Ilia Andréiévitch se leva de nouveau, jeta un regard sur les billets posés près de son assiette et porta un toast à la santé du héros de la dernière campagne, au prince Piotr Ivanovitch Bagration, et de nouveau, les yeux bleus du comte s’emplirent de larmes. Hourra ! crièrent de nouveau les voix des trois cents invités, et au lieu de musique on entendit le chœur qui chantait la cantate composée par Pavel Ivanovitch Koutouzov :
« Pour les Russes, point d’obstacles ;
» Le courage est le gage de la victoire
» Nous avons des Bagrations,
» Tous les ennemis seront à nos pieds », etc.
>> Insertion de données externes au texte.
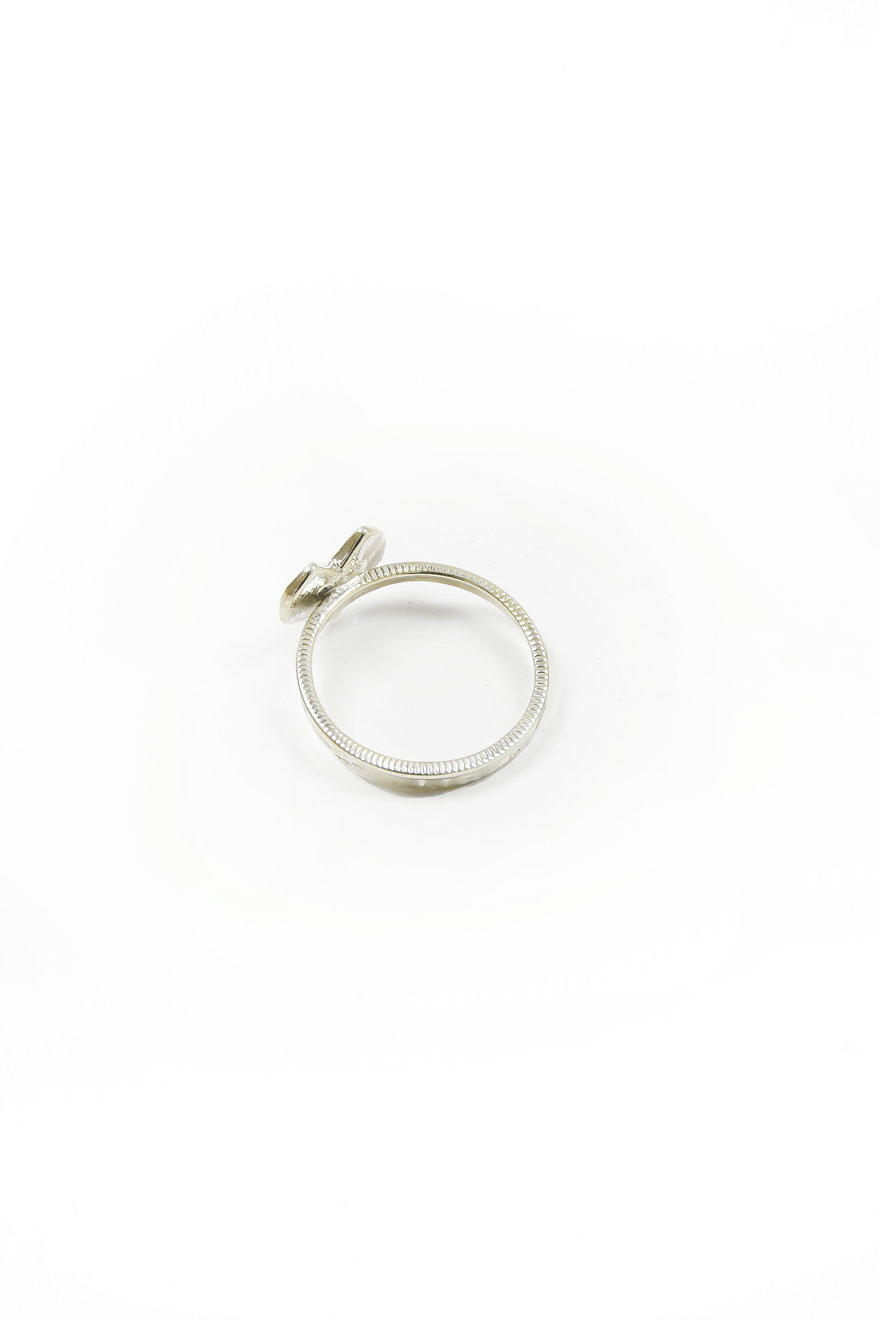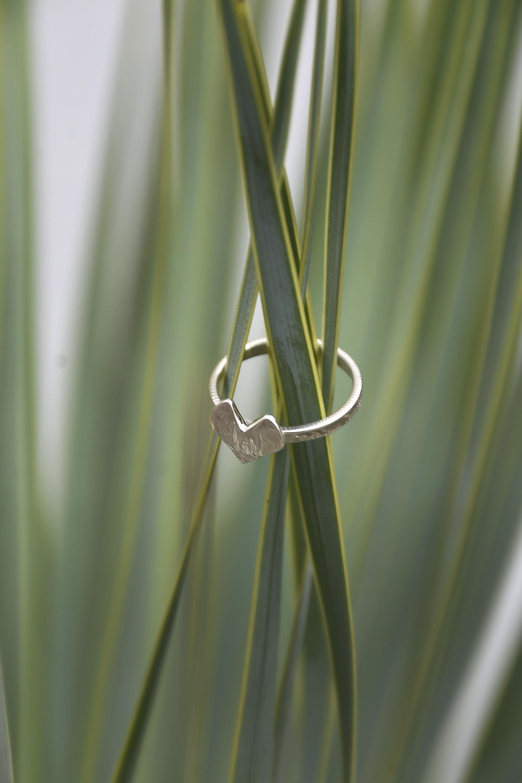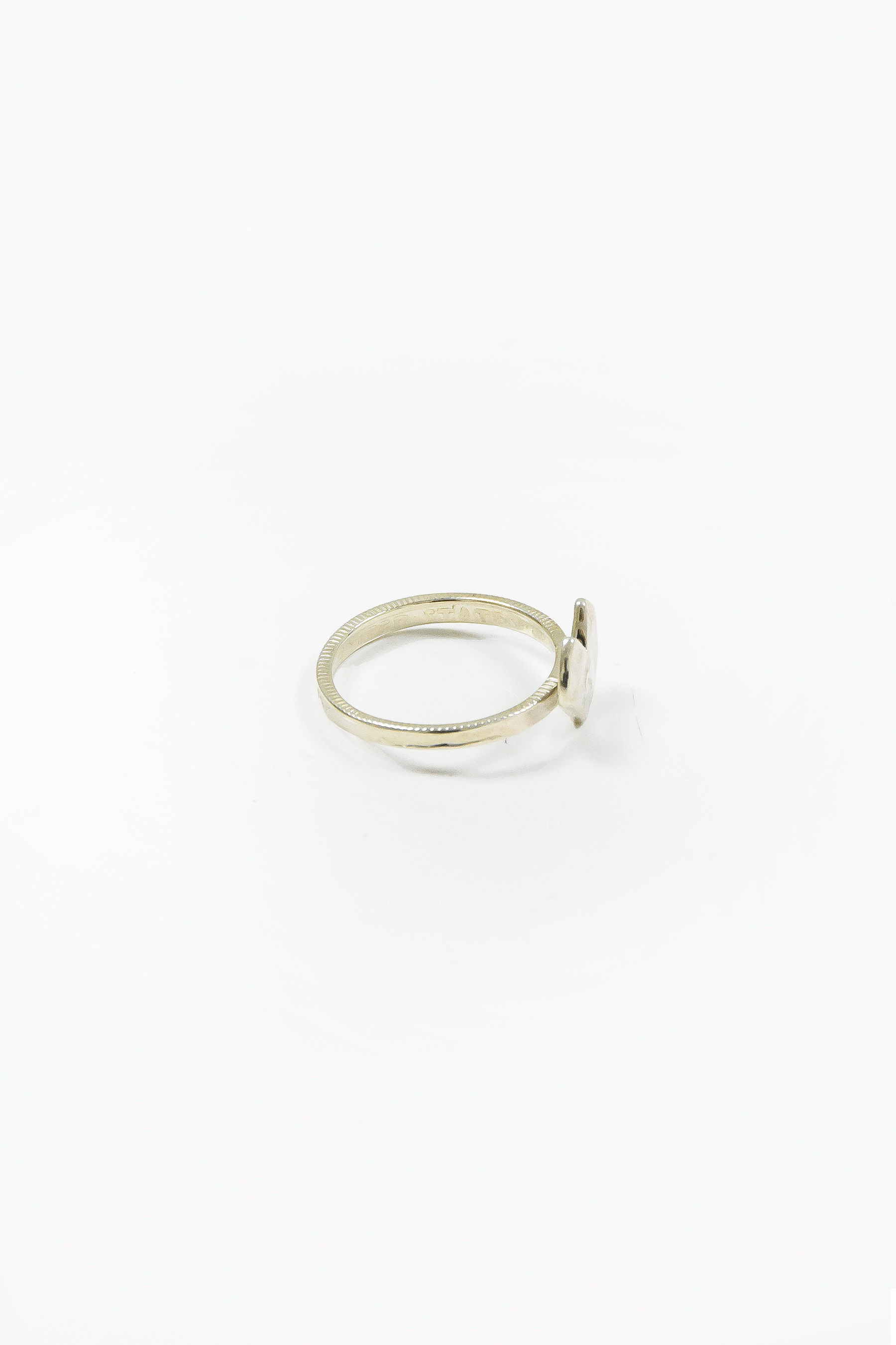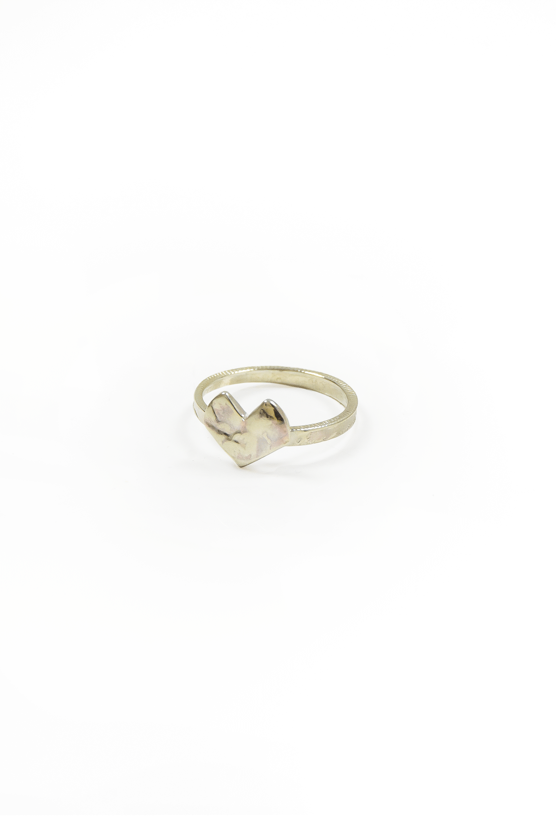 トライバルなハート形にカットされた小ぶりでさりげないコインリング

Dès que les chanteurs eurent terminé, on prononça
encore et encore des toasts, à mesure desquels
le comte Ilia Andréiévitch était de plus en plus
ému ; on cassait de plus en plus de verres, et l’on
criait encore davantage. Les convives burent à la
santé de Bekhlechov, de Narischkine, d’Ouvarov,
de Dolgoroukov, d’Apraxine, de Valouiev, du comité
du club, et de tous ses membres, à tous les
invités et enfin, tout particulièrement, à la santé de
l’organisateur du dîner, du comte Ilia Andréiévitch.
À ce toast, le comte tira son mouchoir et y
cachant son visage, il pleura tout à fait.